The Council believed that J did not require full-time residential provision, and that the case was a matter of special educational needs until January 2014, when it accepted that social care would also be involved.
The Ombudsman made a finding of maladministration causing injustice.
1) Delay in carrying out the assessment
The Ombudsman held that the Council was at fault for:
a. not completing the core assessment by 2012 after Miss P had approached the Council in October 2012, and taking a further 10 months to do so; and
b. failing to inform Miss P that it had closed the case on 4th February 2013. She had only discovered this 5 weeks later after calling the Council, and even then no one looked at the case again until she emailed to complain on 1st May 2013.

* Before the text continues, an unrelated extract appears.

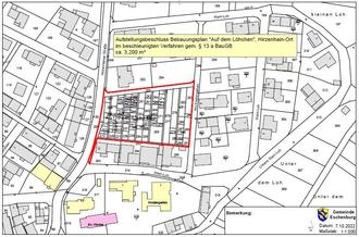 Die Gemeindevertretung der Gemeinde Eschenburg beschließt gem. § 2 BauGB die Aufstellung des Bebauungsplanes „Auf dem Löhchen“ in der Gemarkung Eschenburg, Ortsteil Hirzenhain-Ort nach § 13 a BauGB. Der räumliche Geltungsbereich des Bebauungsplanes ist der nachfolgenden Übersichtskarte zu entnehmen.

The delay caused injustice to Miss P and her family in the following ways:
– the lost opportunity to have J’s needs properly addressed at a time when his actions were becoming increasingly violent;
– the family members were reporting physical injuries in the meantime; and
– the distress caused through a lack of assistance, in spite of the repeated attempts to secure help and the two acknowledgments by the Council of its fault.
2) The care assessment
The care assessment took no account of the effect of J’s actions on Miss P, who was often alone with J and much smaller in size than him. It was clear from professional testimony, as well as P’s own emails to the Council, that she was unable to cope with J’s unpredictable and violent actions.

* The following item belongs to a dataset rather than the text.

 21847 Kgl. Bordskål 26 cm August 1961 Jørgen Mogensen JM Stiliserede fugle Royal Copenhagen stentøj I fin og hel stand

The core assessment failed to take account of the views of professionals and the Council’s accommodation duties under Section 20 of the Children Act 1989 in such circumstances. The Council belief that Miss P could cope alone with J during weekends and school holidays, despite repeated protests that she could no longer do so and professional opinion which identified that two trained adults were unable to cope with J’s violent actions during the week, could not be affected as safe and unaffected by maladministration. This amounted to an injustice to Miss P, who had been forced to endure an intolerable situation for 9 months and had to do so, until the Council took action to assist her.
3) Responses to correspondence
The Council caused delay in replying to Miss P’s correspondence, with Miss P often having to send multiple emails in order to get a response. This caused additional injustice given that the Council still failed to respond in good time to her emails about her ongoing problems.
The Ombudsman noted that the Council had already apologised for the delay in carrying out the core assessment. It recommended that the Council should:
– (having agreed to carry out a fresh assessment of J’s needs) carry out the assessment within one month of the date of this report in order to secure compliance with Section 20 of the Children Act 1989 by ensuring that Miss P was no longer put at risk of violence;
– apologise for the further failings identified;
– draft a care plan for J within one month of its re-assessment of his needs;
– pay Miss P £1000 for the distress caused by its failure to assist her in coping with J’s actions despite her attempts to get help and the supporting testimony of professionals;
– pay Miss P £250 for the outrage caused by its failure to reply to her correspondence; and
– review its policies and procedures to ensure it deals with such cases holistically, prioritises such serious cases where there was a risk of harm or danger to family members; and comply fully with legislative requirements.